The 400-Word Review: In the Tall Grass

Netflix's shocker, based on a story by Stephen and Joe King, is twisty — but dark — fun.


I remember reading “In the Tall Grass,” a novella by Stephen and Joe King, when it was published in 2012. I found it harrowing and vivid, particularly a visceral sequence late in the story (which I wouldn’t dare even allude to here) that left me shuddering.

I was skeptical, however, when a film adaptation was announced; despite tantalizing hints of backstory, the novella is mostly spent with heat-addled characters wandering around a field. Can you stretch that action to feature length?

The answer is a qualified yes. Vincenzo Natali, who adapted the story and directed “In the Tall Grass” for Netflix, has done a fine job extrapolating from the novella’s themes and characters and teasing out a robust and intriguing arc.

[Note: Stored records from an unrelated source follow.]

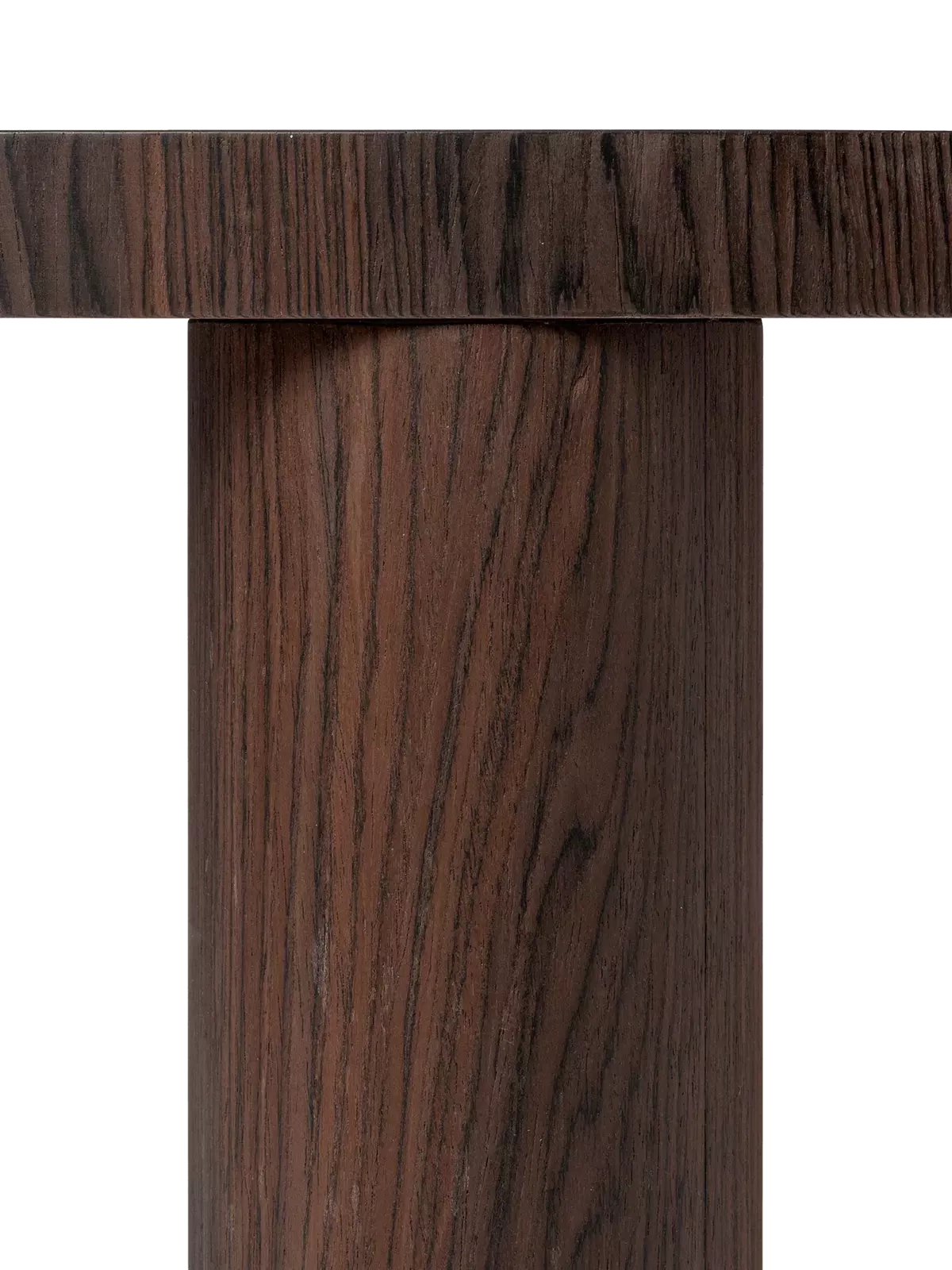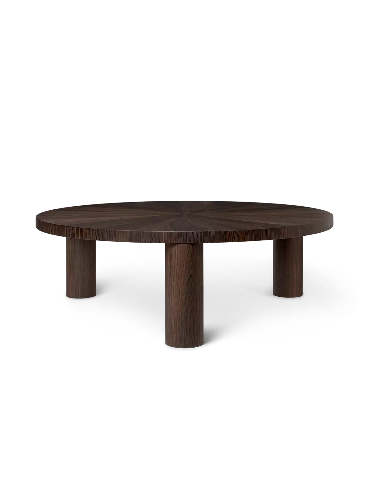 Zainspirowany brutalizmem stolik kawowy Post bawi się objętościami, prezentując prosty, okrągły stolik kawowy z misternymi detalami, które przyciągają. Wykonany z drewna z certyfikatem FSC™ stół ma trzy solidne cylindryczne nogi, a blat ma eleganckie, unikalna boazeria z forniru dębowego w kształcie sektorów kulistych, uzyskana techniką znaną jako intarsja. Użyj kilku stolików w różnych rozmiarach, aby stworzyć spójny krajobraz na dwóch poziomach.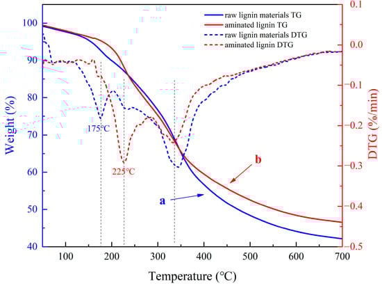 However, the second peak of the thermal weight loss of the raw lignin material is noteworthy, for it occurs at a temperature of 342 °C, while that of the generated aminated lignin is at a temperature of 332 °C. The two degradation temperatures at this stage are similar due to the breaking of the methyl–aryl ether bond in the molecule [30,31]. The similar temperatures of the second peaks of the thermal weight loss of the two samples demonstrate that the thermal stability of the lignin materials is relatively minor because of the effect of amination in the second stage of thermal degradation.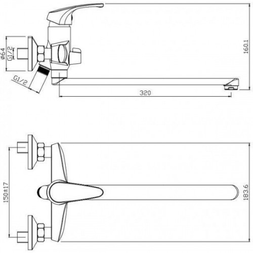 Смеситель для ванны с душем Aquanet Practic AF100-21С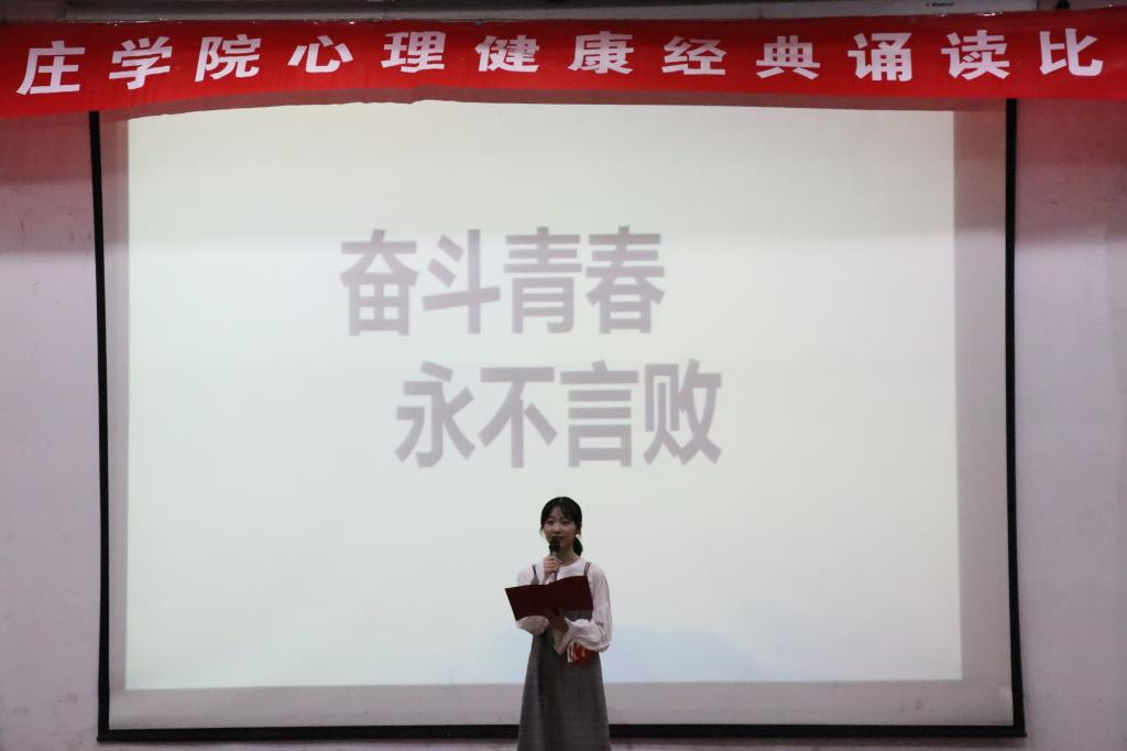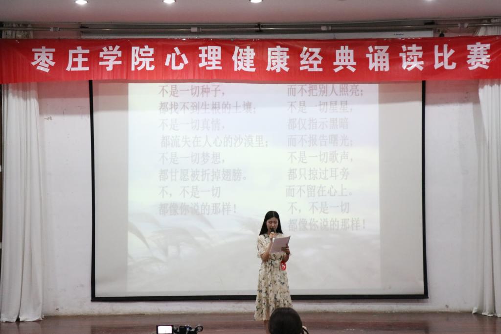 为全面促进大学生健康心理素质、思想道德素质与科学文化素质协调发展,培育学生自尊自信、理性平和、积极向上的健康心态。6月11晚,yabo鸭脖官网联合文学院在我校文科楼报告厅举行“奋斗的青春”为主题的大学生心理健康教育经典诵读比赛。此次活动由学生工作处主办,文学院团总支、yabo鸭脖官网团总支承办。yabo鸭脖官网团总支副书记孙星、文学院辅导员邵圆圆老师、心理健康教育与咨询中心孔祥武老师、校学生会副主席史珂等担任评委。来自各学院的部分学生观看了比赛。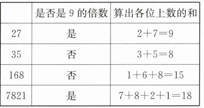 (2)观察表格,你发现9的倍数的特征是( )。(1分)
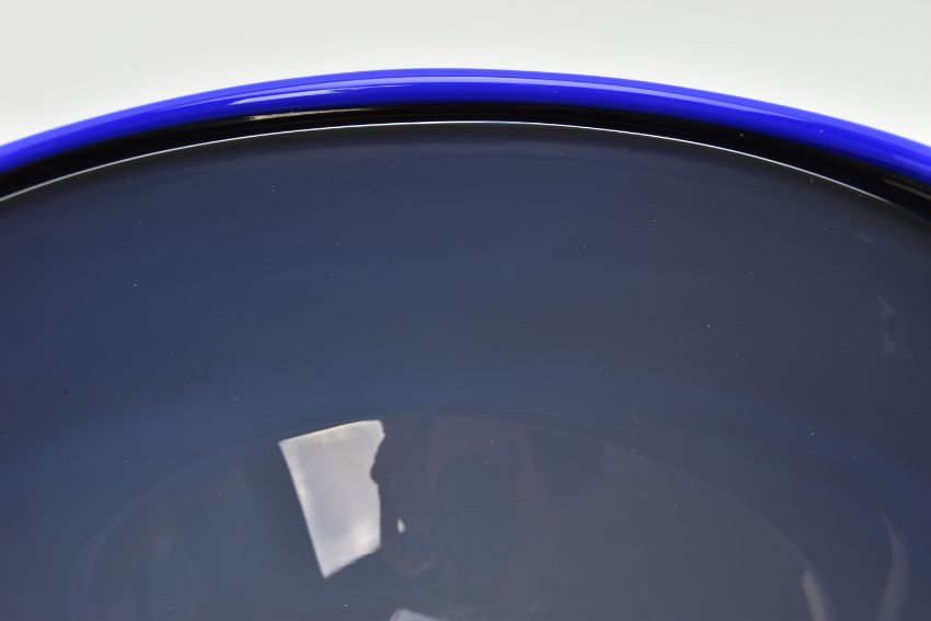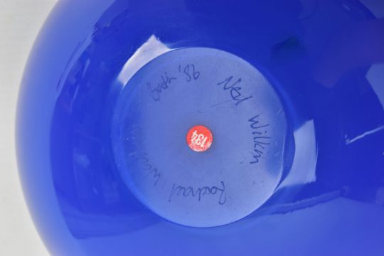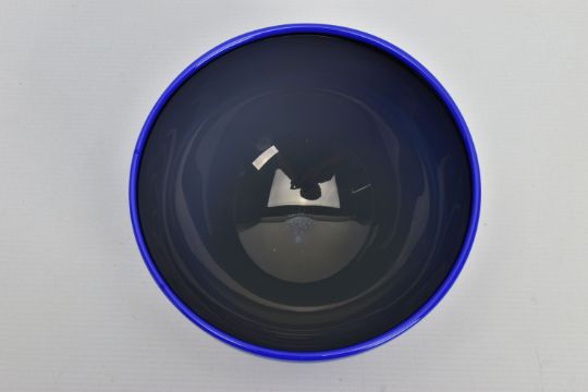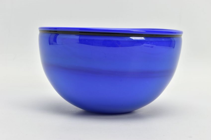 RACHAEL WOODMAN / NEIL WILKIN (BRITISH CONTEMPORARY) A LATE 20TH CENTURY SOMMERSO BOWL, blue over grey with a black band beneath the rim, signed and dated Bath '86 to the base, approximate height 10.5cm (Condition report: no obvious damage but there is a 1cm tool mark near to the bottom edge)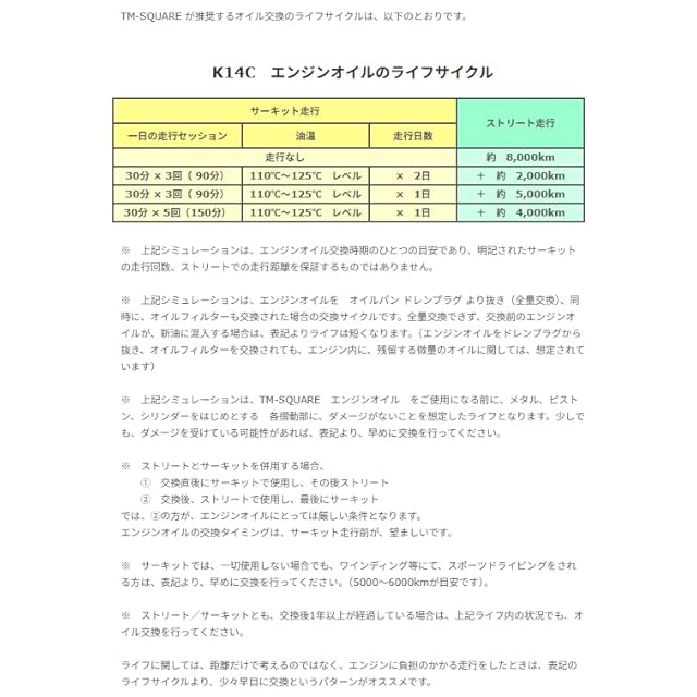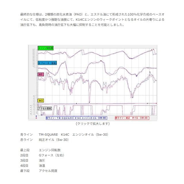 【オイル】 規格:5W-30(SAE粘度部類)100%化学合成油 粘度指数:155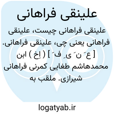 علینقی فراهانی. [ ع َ ن َ ی ِ ف َ ] ( اِخ ) ابن محمدهاشم طغایی کمرنی فراهانی شیرازی. ملقب به عزالدین. رجوع به علینقی شیرازی شود.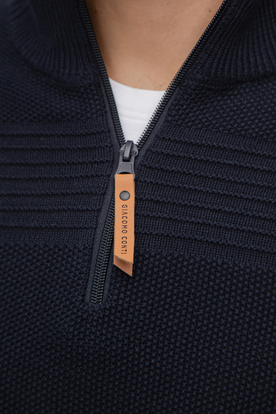 Granatowy sweter męski ze stójką to klasyka w nowoczesnym wydaniu – gruba, strukturalna dzianina przyjemnie otula i dodaje wyrafinowanej faktury. Bawełna zapewnia naturalną miękkość i oddychalność, dzięki czemu utrzymuje ciepło bez przegrzewania i pozostaje komfortowa przez cały dzień, a jednocześnie jest łatwa w pielęgnacji i trwała na wielosezonowe użytkowanie.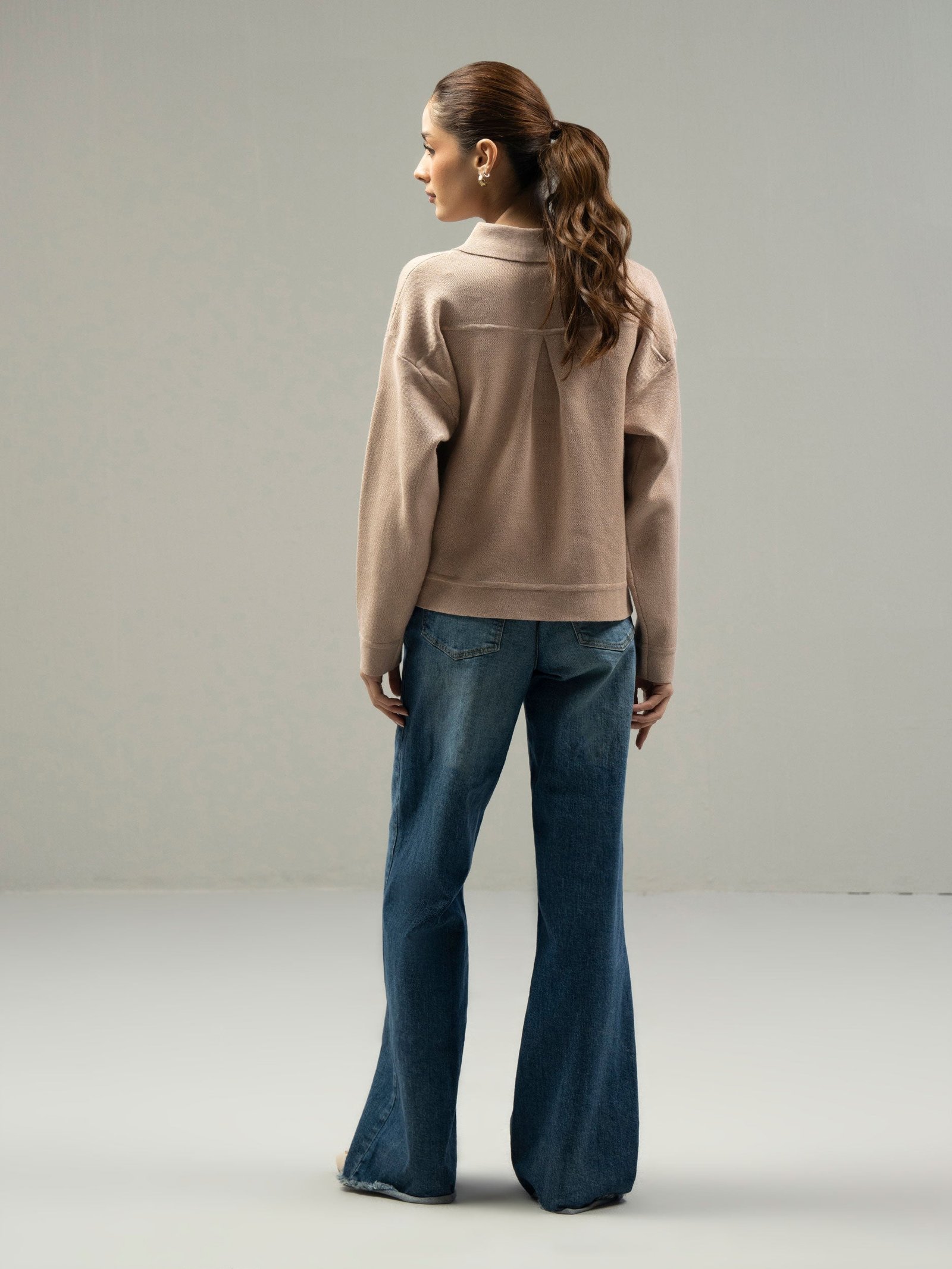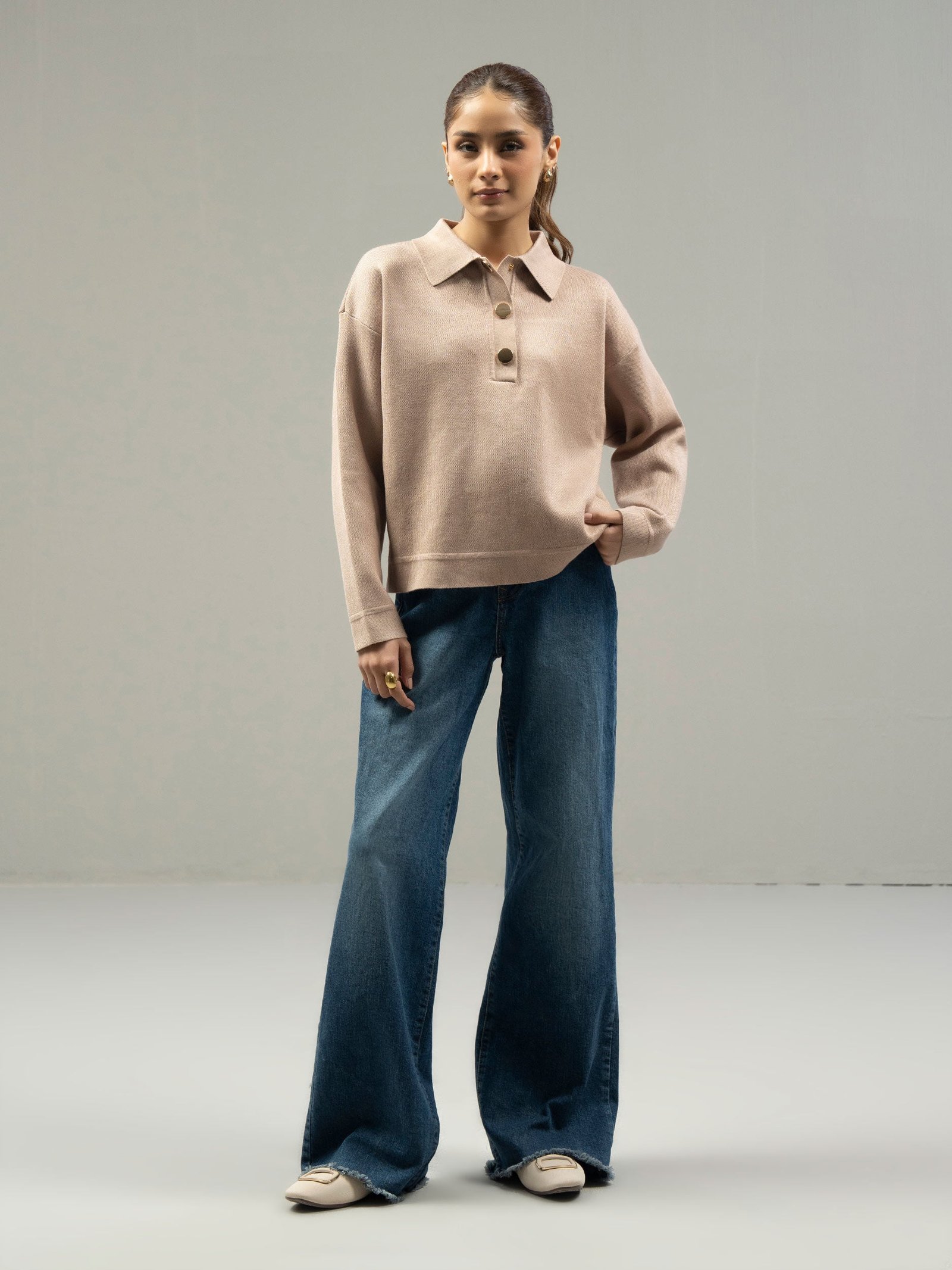 • Knitted crop sweater with a collar neck and button detailing on placket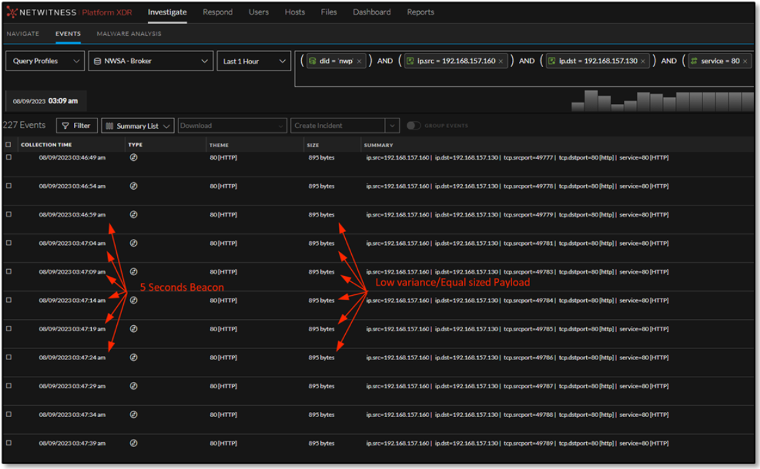 The analyst focused the investigations on the above subject machine and observed a beaconing-like behavior every 5 seconds where this endpoint communicates with IP address 192.168.157.130. It is worth nothing that neither of the IP addresses is of particular interest as they are only valid for this lab simulation.

It’s imperfect and a bit too long, but it works.

Becky (Laysla De Oliveira) and Cal (Avery Whitted), a brother and sister on a cross-country journey, pull over in rural Kansas and are stunned to hear a cry from a grassy field. The plaintive and oddly clear wails are from Tobin (Will Buie Jr.), who claims to be trapped in the weeds. Cal ducks in to retrieve him; Becky follows a few minutes later. But they can’t seem to locate the boy, no matter how close the calls seem; they also can’t find each other, even when desperate jumps above the grass reveal they’re only feet apart.

The mystery deepens when Tobin’s father, Ross (Patrick Wilson) turns up, offering aid to Becky and demonstrating a curious lack of fear at their reality-warping predicament. As he introduces the siblings to a towering, uncanny black rock — carved with vivid and often disturbing imagery — in the middle of the field, an already bizarre story takes several unexpected (and never fully comprehensible) turns. “In the Tall Grass” is an accessible bit of the subgenre known as the New Weird — visually stunning and intense, without a need to fully explain itself.

Natali has proven adept at both the unconventional and the unpleasant in the past; his science-fiction oddity “Cube” is close to brilliant, and his skin-crawling “Splice” is an underappreciated gem. With “In the Tall Grass,” he keeps an occasionally careening train on the rails amidst a lot of circuitous plotting — no easy task. Particularly with the scene where … whoops, almost forgot. No discussing that scene. Let’s just say that “In the Tall Grass” is definitely not for the squeamish.

My Rating: 7/10

“In the Tall Grass” begins streaming on Netflix on Friday, Oct. 4.